### HOW TO COMPLETE THIS TASK
Keeping every word the same, give again only the lines from the one with "Selling a baby" through the end of the data, both included, and leave every picture out.

### SOURCE DATA
──────

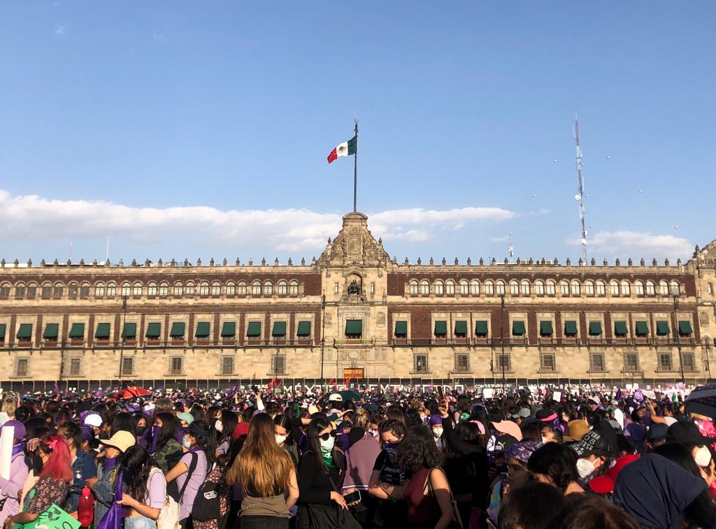 Después de las 17 horas ya se veían a miles de mujeres en la plancha del Zócalo. Una bocina comenzó a sonar el que ya se ha hecho himno feminista, la Canción Sin Miedo: “Por todas las compas marchando en Reforma. Por todas las morras peleando en Sonora. Por las comandantas luchando por Chiapas Por todas las madres buscando en Tijuana. Cantamos sin miedo, pedimos justicia. Gritamos por cada desaparecida. Que resuene fuerte: ¡Nos queremos vivas! ¡Que caiga con fuerza el feminicida!” coreaban las asistentes a esta manifestación del 8M.
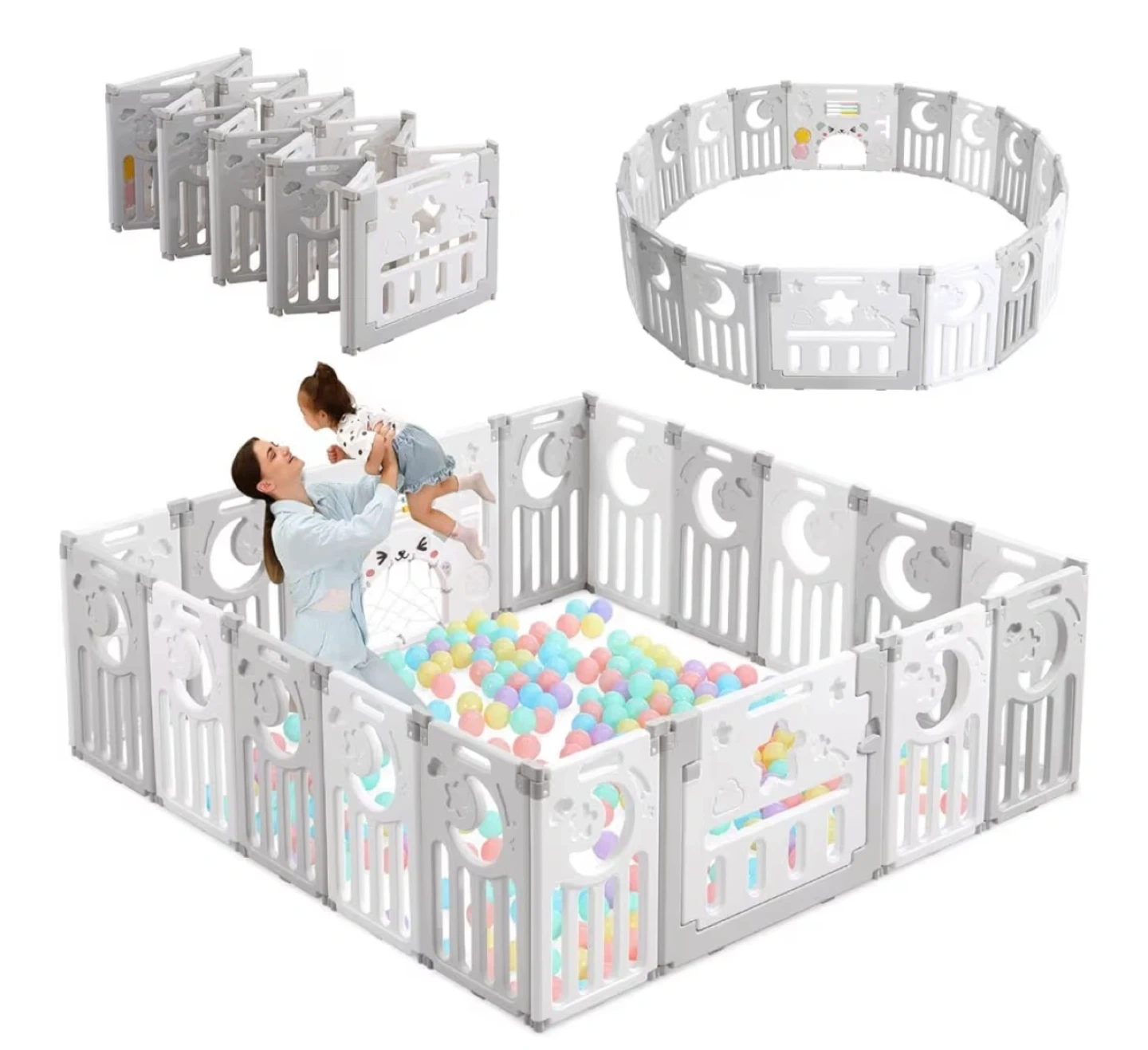 Selling a baby playpen in great condition! This playpen is perfect for keeping your little one safe and entertained. It features a cute design with moons and stars. It can be configured in different shapes to fit your space. Perfect for babies and toddlers!
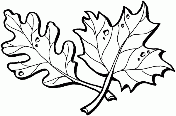 Oak leaves coloring pages: Maple And Oak Leaves Coloring

──────

### SOLUTION
 Selling a baby playpen in great condition! This playpen is perfect for keeping your little one safe and entertained. It features a cute design with moons and stars. It can be configured in different shapes to fit your space. Perfect for babies and toddlers!
 Oak leaves coloring pages: Maple And Oak Leaves Coloring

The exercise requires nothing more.